MR CONNOLLY (continuing):

The concern that was raised by those people was that there are situations now where comparatively minor matters have to be dealt with as serious indictable offences. Mr Humphries exampled them in his speech. They relate to theft of an amount of property less than $1,000 and vandalism of material less than $1,000. That is a particularly topical one because of the graffiti issue, which is getting so much worse since this Government came to office, as has been pointed out on many occasions by Mr Berry. Much as we would deplore graffiti, I do not think that anybody here would suggest that a 10-, 15-, or 20-year gaol term for spray painting a road sign is appropriate. Perhaps Bill Stefaniak may have at one stage in his tough law and order approach days, but perhaps even he has mellowed. It is far more sensible for minor property damage to be a summary offence, with a smaller penalty unit.
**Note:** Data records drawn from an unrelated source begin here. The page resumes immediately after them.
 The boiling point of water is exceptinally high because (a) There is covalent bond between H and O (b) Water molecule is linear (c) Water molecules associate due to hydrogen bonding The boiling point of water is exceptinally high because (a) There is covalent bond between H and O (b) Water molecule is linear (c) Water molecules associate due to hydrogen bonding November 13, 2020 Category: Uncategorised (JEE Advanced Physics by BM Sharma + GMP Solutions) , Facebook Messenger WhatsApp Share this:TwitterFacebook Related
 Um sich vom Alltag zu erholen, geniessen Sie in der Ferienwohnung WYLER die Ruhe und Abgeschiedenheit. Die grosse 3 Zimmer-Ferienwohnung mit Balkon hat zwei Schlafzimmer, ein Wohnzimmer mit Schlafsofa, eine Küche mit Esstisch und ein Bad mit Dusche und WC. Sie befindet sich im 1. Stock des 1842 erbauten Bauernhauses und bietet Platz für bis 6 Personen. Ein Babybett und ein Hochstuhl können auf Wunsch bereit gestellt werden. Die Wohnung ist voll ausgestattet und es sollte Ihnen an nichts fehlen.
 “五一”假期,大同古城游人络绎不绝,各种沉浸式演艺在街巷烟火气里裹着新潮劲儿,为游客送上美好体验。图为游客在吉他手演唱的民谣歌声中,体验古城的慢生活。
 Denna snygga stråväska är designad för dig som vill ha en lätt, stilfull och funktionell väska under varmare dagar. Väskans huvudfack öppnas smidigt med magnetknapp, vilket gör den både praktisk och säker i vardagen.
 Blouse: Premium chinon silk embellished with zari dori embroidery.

The other classic example is making off without payment, which does happen from time to time when people do the dinner dash. There is one person who is notorious for ordering a meal and a reasonably expensive bottle of wine and then having no money to pay for them. Again, that is the sort of matter that probably should not have a two-year gaol term. Perhaps, when you have done it on 50 occasions, you might be looking at a stiffer penalty.
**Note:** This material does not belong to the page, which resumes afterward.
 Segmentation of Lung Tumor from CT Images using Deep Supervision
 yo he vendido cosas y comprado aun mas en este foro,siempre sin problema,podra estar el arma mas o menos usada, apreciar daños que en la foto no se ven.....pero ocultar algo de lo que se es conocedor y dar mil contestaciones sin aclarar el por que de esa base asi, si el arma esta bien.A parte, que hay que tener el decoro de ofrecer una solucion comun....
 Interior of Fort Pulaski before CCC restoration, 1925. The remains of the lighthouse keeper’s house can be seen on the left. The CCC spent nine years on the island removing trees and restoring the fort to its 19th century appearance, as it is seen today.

This is a sensible amendment which produces some greater flexibility for the prosecution to charge people with less serious offences. That can be very important. Look at property damage: Those offences of causing property damage currently relate to quite serious situations where you perhaps put on a train line something which could derail a train and injure people. For a young person to have that on their record can count against them in later years. Creating a lesser offence is of benefit to the person charged, as well as to the system. We will be supporting this Bill.

MR HUMPHRIES (Attorney-General) (4.36), in reply: I thank members for their support. This will be a sensible way of reducing the cost of our system and potentially preventing people from being tried before juries for minor offences. I welcome the passage of this Bill.

Question resolved in the affirmative.

Bill agreed to in principle.

Leave granted to dispense with the detail stage.

Bill agreed to.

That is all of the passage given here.